The truth was that he was hell on women. He disappointed and hurt them without trying. But, he promised himself, not this time. Please not this time.
He looked at Meg. She looked so sad, so chagrined. “I opened up old wounds by being nosy and speaking out of turn the way I always do. I—I’m so sorry I intruded.”
Etienne shook his head. “No. It needed to be out in the open so that you understand completely, Meg. I’ve had reason in my life to regret how I’ve handled my associations with women, but that’s not going to happen this time. I won’t give you false promises of any kind,” he told her, “but I won’t disappoint you by failing to help you, either. Beyond business I have no right to get involved with anyone and you have the right to know that. Because when I go, I’m going to miss you. But I’m still going to have to go. I never stay. I can’t.”

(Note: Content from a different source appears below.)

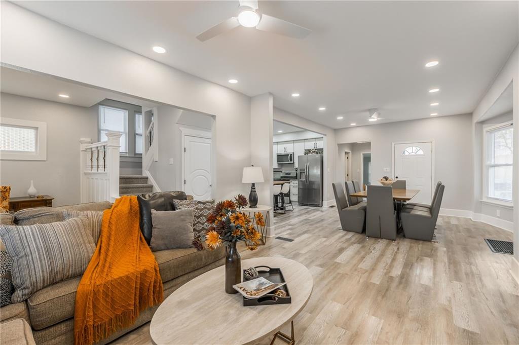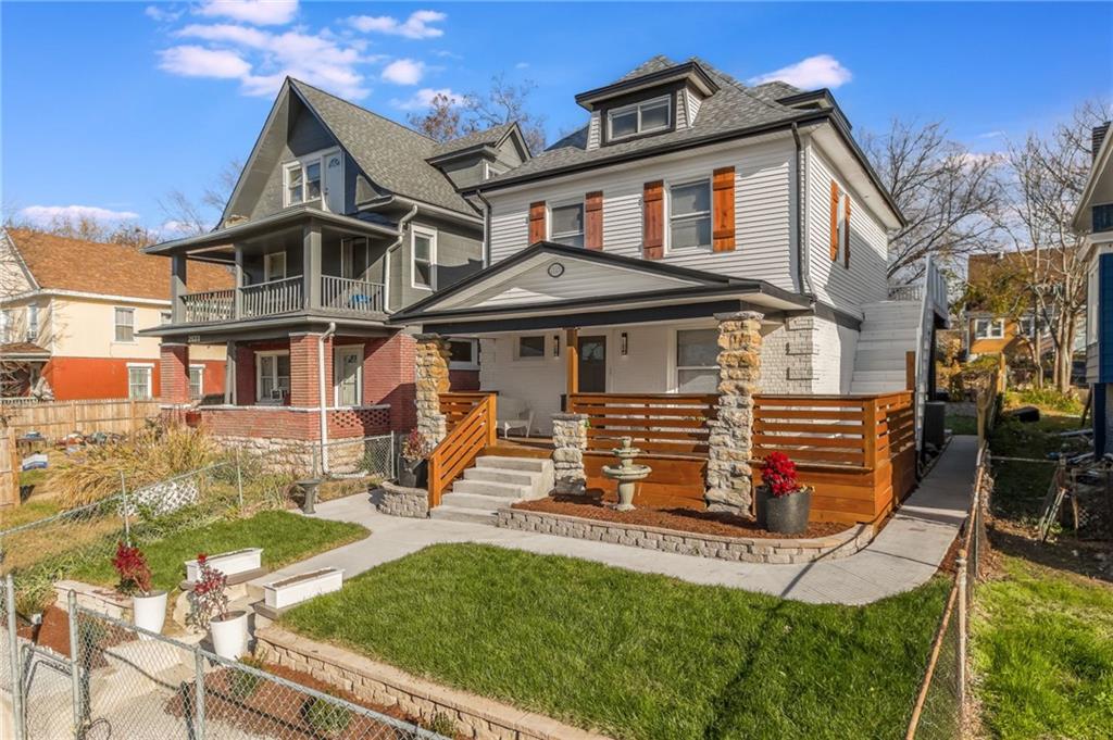 Fantastic opportunity to own a newly redone 3 story, 5-bedroom, 4.5-bathroom home overlooking beautiful downtown KCMO. This home has all the features with a spacious wide-open floorplan, a large luxury electric fireplace in the living room, fully loaded kitchen with updated stainless appliances. The first-floor level has a bedroom with full bathroom attached to the suite, with a separate entrance. This unique floorplan has a double master with one master bedroom on the 2nd level, that has its own private entrance, sitting/sunroom and full bathroom. Laundry room is located on the 2nd floor, along with 3 other large bedrooms and a hallway bath. Third floor level is like a dream. It's a huge spacious bedroom, with a large master bathroom, with a picture-perfect view of downtown KCMO right outside your window. Newly landscaped, detached garage in rear of home, huge front porch, upper deck, and so much more! This home won't lasty! Hurry ~ Buyer's benefit to a 10yr tax abatement. 10yr, zero property taxes what a huge savings!

She didn’t blink, didn’t flinch. Finally she took a step closer rather than a step farther away. “Then, if the clock is ticking, I’d better start learning how to be a totally independent woman and head of this company quickly, hadn’t I? I’d better learn all the lessons you’re willing to help me with, Etienne. I don’t want you to have regrets. Instead I want to be a testament to your training, a worthy protégée. I’m going to do it. With your help, I’m going to go meet those newspaper people right now and be all that you intend for me to be.”